The logos method of persuasion provides a wide explanation between the just and unjust laws in a simplistic way. He talks of laws that uplift the human personality as just while those that disregard human personality as unjust laws (King Jr., 2012). He employs logos to provide the logic behind the demonstrations in Birmingham. He argues it was logical to take direct action since the Negro community had been left with no other choice by the political structure in the city that was composed of white people. This also shows pathos appeal since it expresses the pain of the segregated blacks that was pushing them to demand freedom from their oppressors. He emotionally appeals to his audience who had never had any painful experiences of segregation by giving examples of black people oppressions (Vyas, 2013). For instance, he cites an unfairness that sees the blacks treated in an inhumane manner by police in jail or lynched by mobs; their high level of poverty in a wealthy society; the segregation in enjoying public social places like parks and hotels; their constant and daily humiliations like names calling (King Jr., 2012). These examples evoke emotions of guilt, sadness and anger in his audience. They push for an understanding from his audience that the black community does not want to endure any more suffering (Sawyers, 2013).
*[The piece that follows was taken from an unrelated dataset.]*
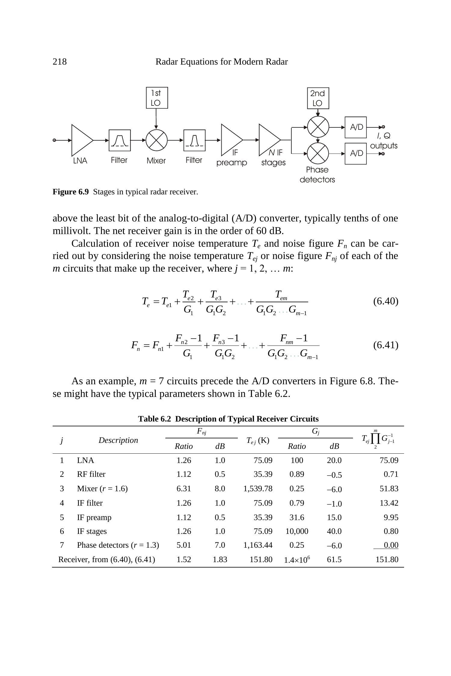 图 6.9 典型雷达接收机中的各级。

Dr. King uses logical appeal to show the significance of taking direct action now. He compares America inaction to fighting for equality to Asia and Africa as the continents moving at high speed in their fight for freedom from colonial masters. This is meant to persuade the audience to see something is needed to be done to change the current situation. He logically persuades his audience by stating that he believes that the way to handle the social revolution should be by looking at the underlying causes. To further persuade the audience his involvement, he explains how an injustice in one part of the U.S resorted to injustice everywhere in the United States. For this reason, he could not be comfortable staying in Atlanta while there were problems in Birmingham (King Jr., 2012). There is a logical explanation why the campaign was scheduled during the Easter season. Being a period of the year most people do shopping, the program would ensure an economic boycott, which would negatively affect businesses. This would be a good way to pressurize the traders who were essential in implementing required changes. He also argues that from past information it is not easy for those with privileges o give them up easily and therefore, the need for this struggle (Sawyers, 2013).
Martin Luther King Jr. letter is a good demonstration of how the ethos, pathos and logos appeal can be used to strengthen an argument to an audience. He mostly uses the logos appeal to respond to the statements made by the clergymen in a great way. He is able to provide credible justification for the non-violent protests in Birmingham. Individuals in leadership positions should therefore embrace these appeals when making a presentation to their audiences.
King Jr, M. L. (2012). Letter from Birmingham jail. Liberating Faith: Religious Voices for Justice, Peace, & Ecological Wisdom, 177-187.
Sawyers, J. (2013). Gospel of Freedom: Martin Luther King Jr.’s Letter from Birmingham Jail and the Struggle That Changed a Nation. Booklist, (11). 20.
Vyas, R. (2013). Managing the Dimensions of Ethos, Pathos and Logos of Change Through Transformational Leadership. IUP Journal Of Soft Skills, 7(3), 7.